▶ **ABOUT THIS EXERCISE**
Copy exactly and only the lines running from the one that contains "A rua Olegário" to the final line of the data below, without the pictures.

═══ EXERCISE DATA ═══

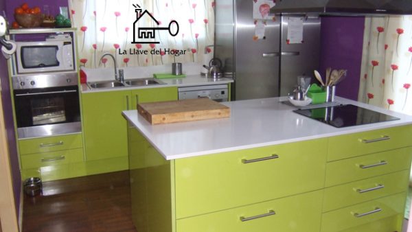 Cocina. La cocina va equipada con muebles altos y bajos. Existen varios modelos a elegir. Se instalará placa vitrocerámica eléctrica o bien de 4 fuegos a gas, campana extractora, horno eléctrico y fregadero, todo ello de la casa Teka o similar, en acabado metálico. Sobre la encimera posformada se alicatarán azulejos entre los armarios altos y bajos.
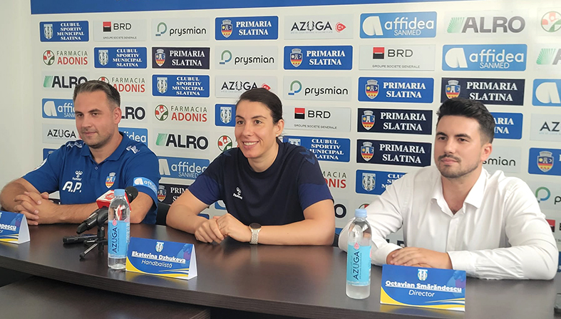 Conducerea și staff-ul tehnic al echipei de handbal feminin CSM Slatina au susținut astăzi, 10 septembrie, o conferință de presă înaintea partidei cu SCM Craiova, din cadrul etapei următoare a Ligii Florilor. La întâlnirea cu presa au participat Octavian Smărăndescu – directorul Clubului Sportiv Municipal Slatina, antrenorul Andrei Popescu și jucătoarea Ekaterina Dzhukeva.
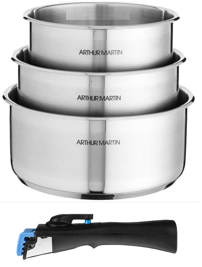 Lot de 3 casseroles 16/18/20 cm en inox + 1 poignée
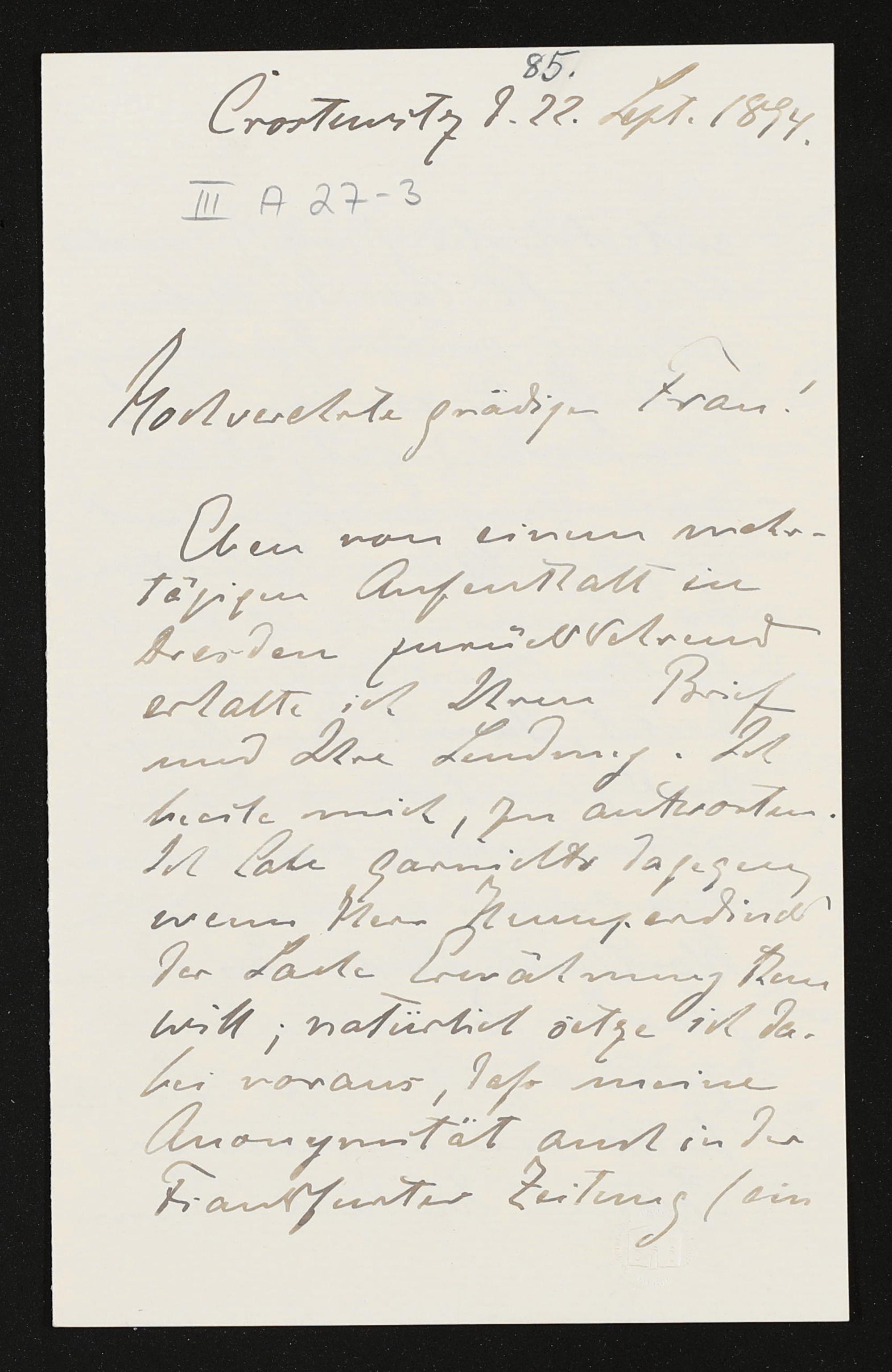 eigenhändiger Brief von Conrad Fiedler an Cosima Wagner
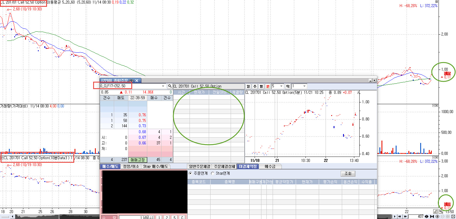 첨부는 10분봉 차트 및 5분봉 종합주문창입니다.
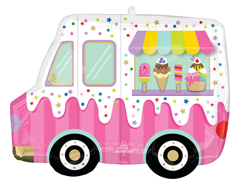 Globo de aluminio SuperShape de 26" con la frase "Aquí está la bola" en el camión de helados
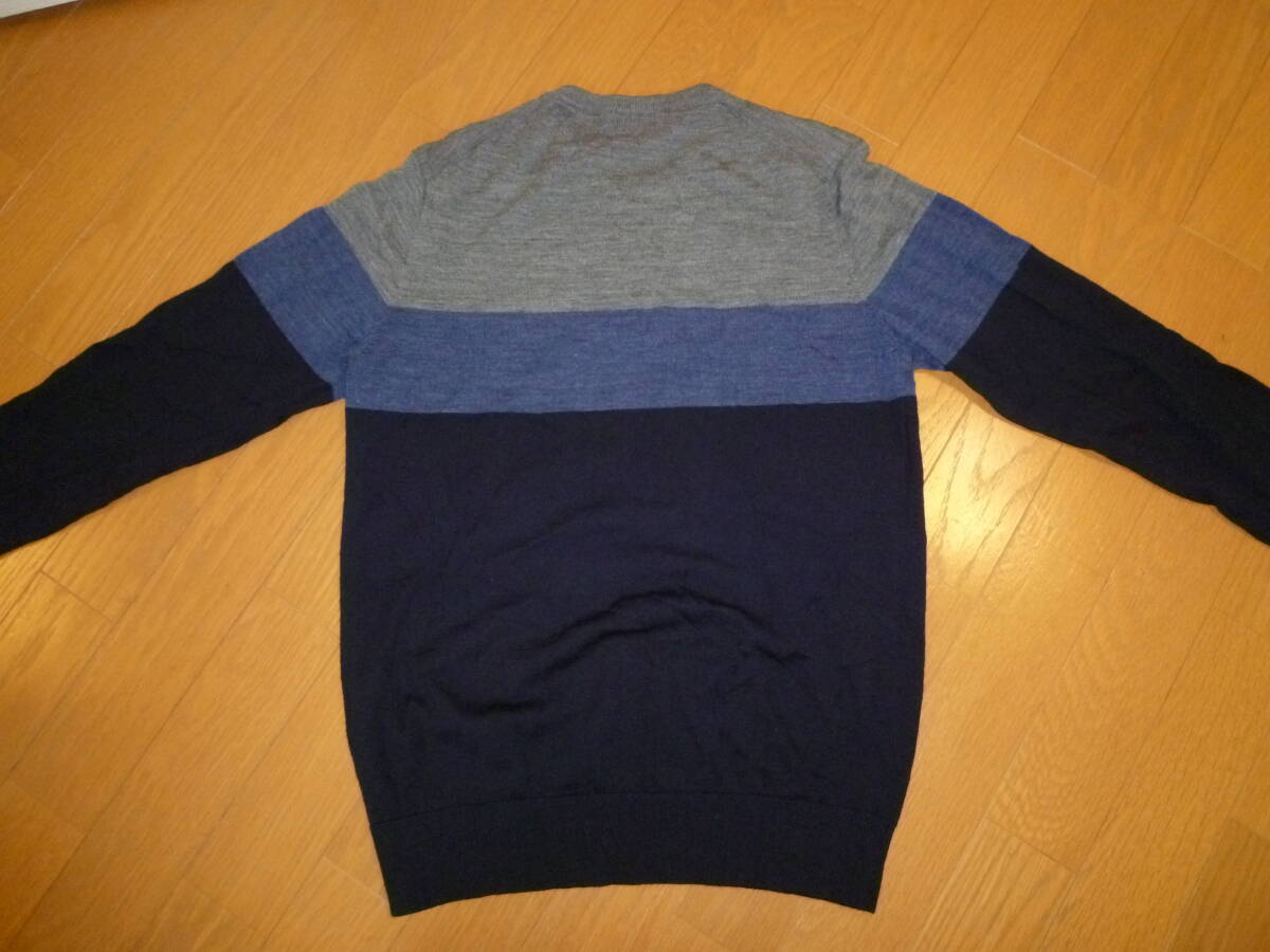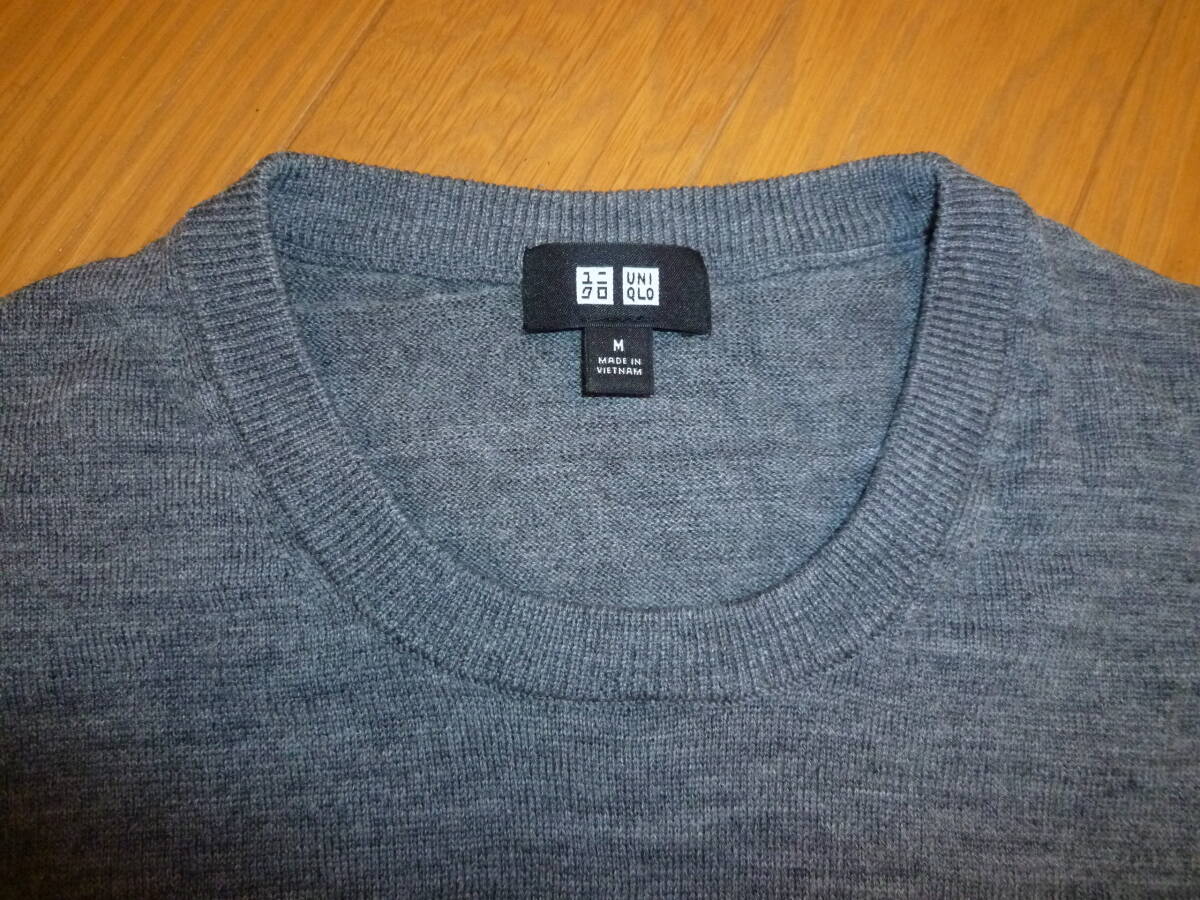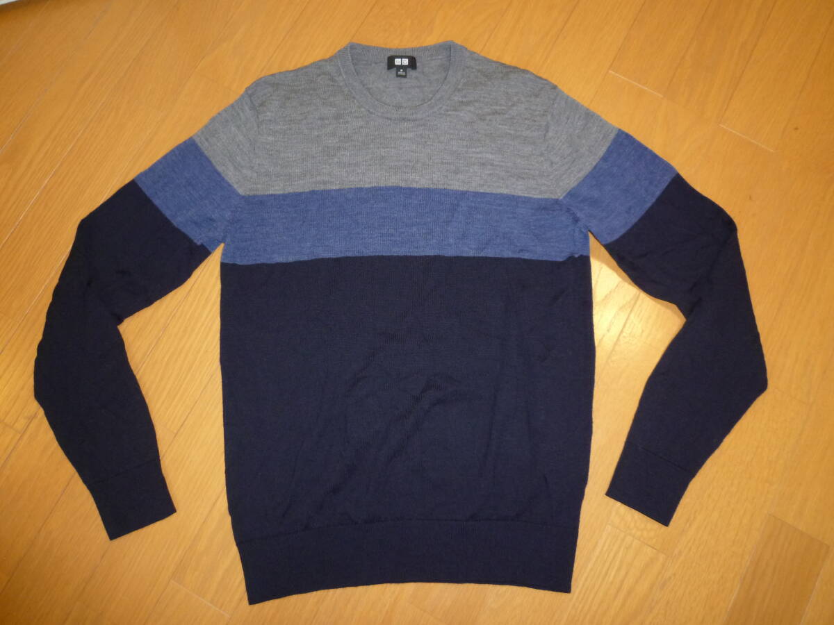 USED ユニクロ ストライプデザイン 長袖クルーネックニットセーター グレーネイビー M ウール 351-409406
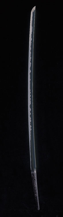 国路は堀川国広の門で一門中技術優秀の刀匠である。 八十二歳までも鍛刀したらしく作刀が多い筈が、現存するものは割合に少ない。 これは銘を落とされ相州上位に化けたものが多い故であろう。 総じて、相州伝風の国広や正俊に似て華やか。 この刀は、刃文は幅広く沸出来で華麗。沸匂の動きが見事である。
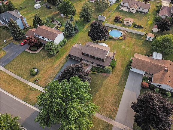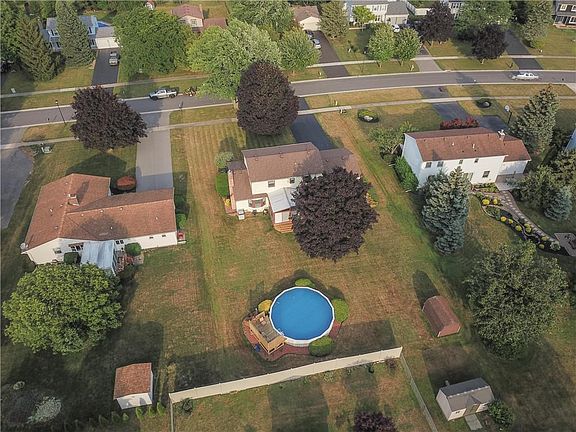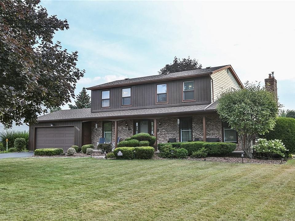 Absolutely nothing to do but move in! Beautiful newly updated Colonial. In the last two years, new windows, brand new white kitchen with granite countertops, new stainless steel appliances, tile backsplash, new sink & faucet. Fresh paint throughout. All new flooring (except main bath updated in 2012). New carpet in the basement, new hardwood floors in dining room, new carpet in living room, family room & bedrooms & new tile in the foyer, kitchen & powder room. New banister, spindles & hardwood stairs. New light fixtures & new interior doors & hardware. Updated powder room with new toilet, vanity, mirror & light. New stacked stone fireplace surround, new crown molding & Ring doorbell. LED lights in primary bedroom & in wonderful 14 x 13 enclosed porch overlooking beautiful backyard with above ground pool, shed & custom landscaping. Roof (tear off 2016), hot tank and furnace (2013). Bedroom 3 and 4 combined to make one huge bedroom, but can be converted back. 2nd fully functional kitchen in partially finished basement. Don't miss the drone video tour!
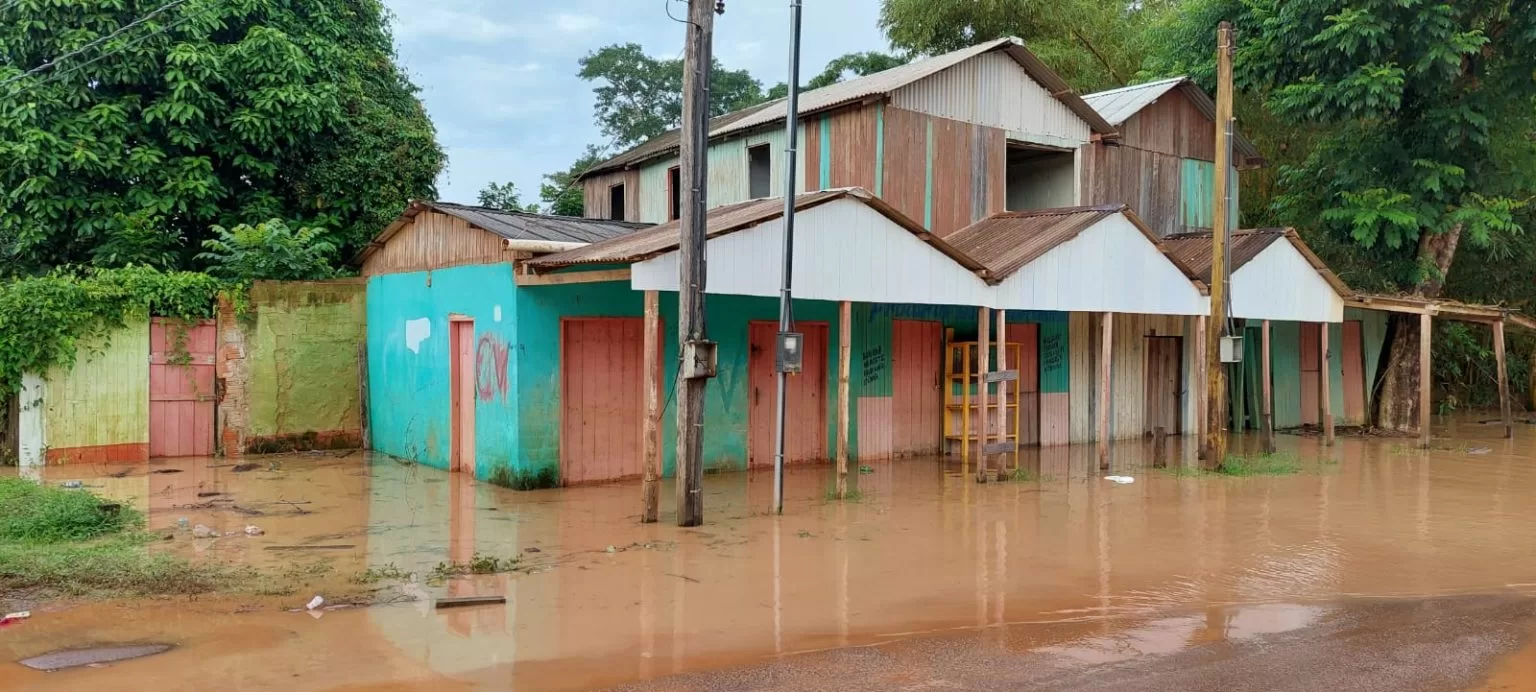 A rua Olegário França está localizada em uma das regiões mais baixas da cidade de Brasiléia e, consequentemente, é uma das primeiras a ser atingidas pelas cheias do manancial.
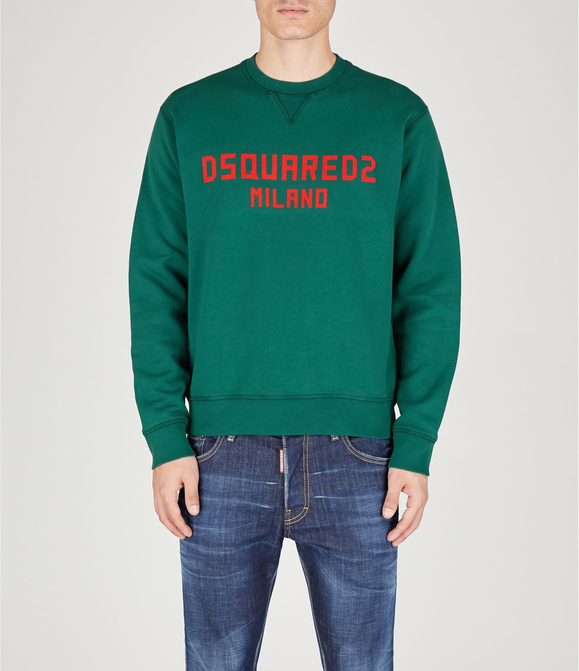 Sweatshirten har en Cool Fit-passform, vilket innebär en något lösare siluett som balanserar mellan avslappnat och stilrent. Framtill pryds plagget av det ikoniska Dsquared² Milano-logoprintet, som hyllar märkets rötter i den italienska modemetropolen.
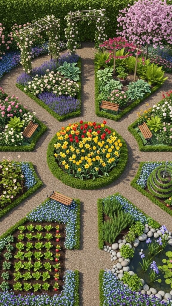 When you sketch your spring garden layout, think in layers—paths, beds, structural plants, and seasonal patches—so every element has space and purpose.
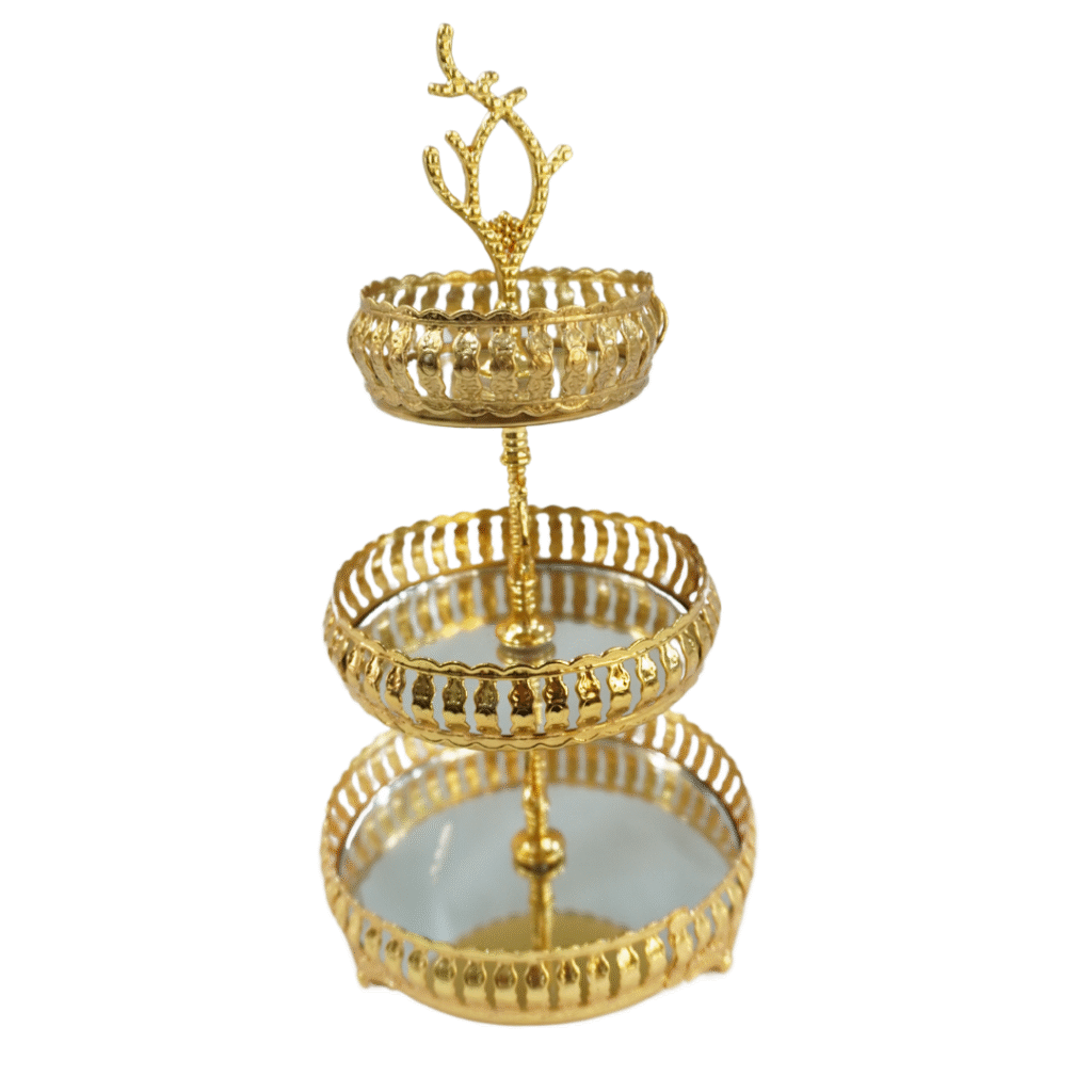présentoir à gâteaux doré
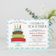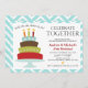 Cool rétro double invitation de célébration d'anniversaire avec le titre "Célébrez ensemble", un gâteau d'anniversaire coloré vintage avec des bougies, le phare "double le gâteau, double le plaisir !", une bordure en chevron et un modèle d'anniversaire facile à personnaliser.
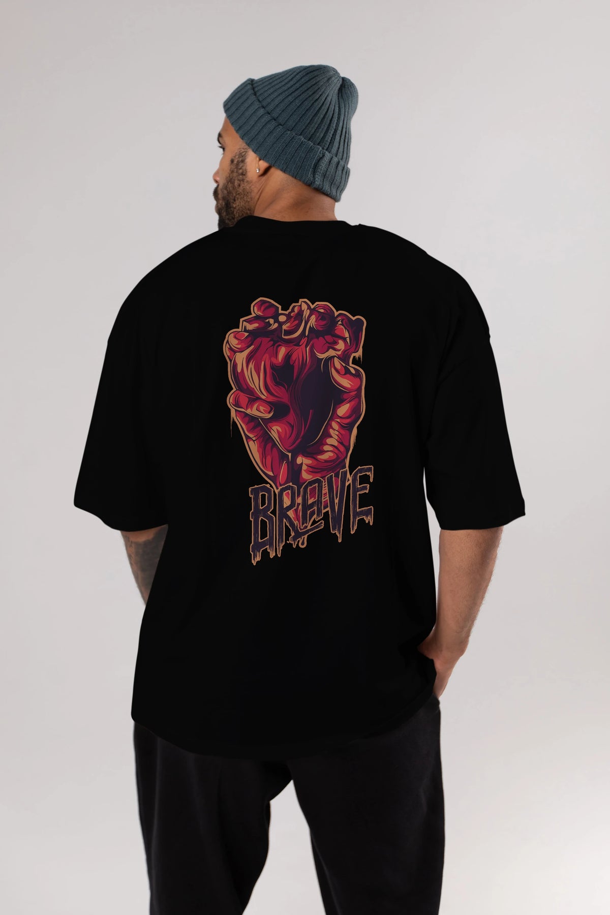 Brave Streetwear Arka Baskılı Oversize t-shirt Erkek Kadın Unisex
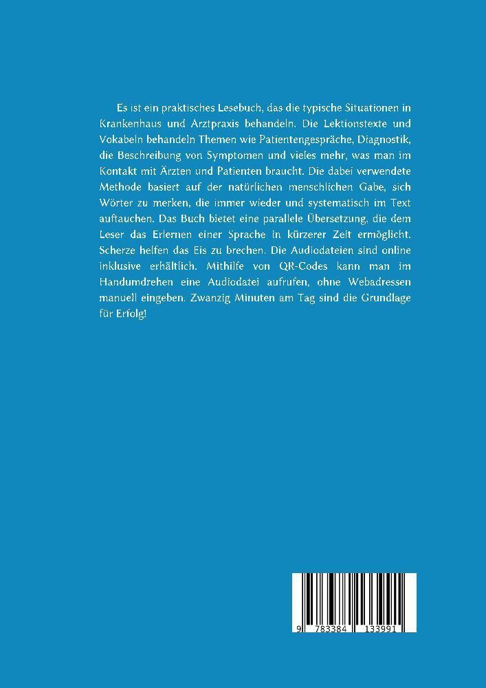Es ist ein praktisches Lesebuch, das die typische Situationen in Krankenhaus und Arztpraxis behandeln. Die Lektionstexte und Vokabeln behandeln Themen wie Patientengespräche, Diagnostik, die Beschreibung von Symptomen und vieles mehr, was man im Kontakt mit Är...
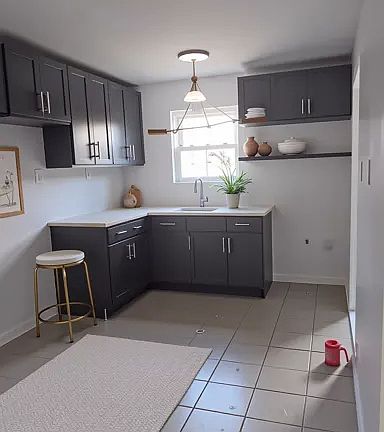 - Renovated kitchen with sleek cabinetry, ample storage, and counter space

═══

▶ **RESPONSE TO THE EXERCISE**
 A rua Olegário França está localizada em uma das regiões mais baixas da cidade de Brasiléia e, consequentemente, é uma das primeiras a ser atingidas pelas cheias do manancial.
 Sweatshirten har en Cool Fit-passform, vilket innebär en något lösare siluett som balanserar mellan avslappnat och stilrent. Framtill pryds plagget av det ikoniska Dsquared² Milano-logoprintet, som hyllar märkets rötter i den italienska modemetropolen.
 When you sketch your spring garden layout, think in layers—paths, beds, structural plants, and seasonal patches—so every element has space and purpose.
présentoir à gâteaux doré
 Cool rétro double invitation de célébration d'anniversaire avec le titre "Célébrez ensemble", un gâteau d'anniversaire coloré vintage avec des bougies, le phare "double le gâteau, double le plaisir !", une bordure en chevron et un modèle d'anniversaire facile à personnaliser.
 Brave Streetwear Arka Baskılı Oversize t-shirt Erkek Kadın Unisex
Es ist ein praktisches Lesebuch, das die typische Situationen in Krankenhaus und Arztpraxis behandeln. Die Lektionstexte und Vokabeln behandeln Themen wie Patientengespräche, Diagnostik, die Beschreibung von Symptomen und vieles mehr, was man im Kontakt mit Är...
 - Renovated kitchen with sleek cabinetry, ample storage, and counter space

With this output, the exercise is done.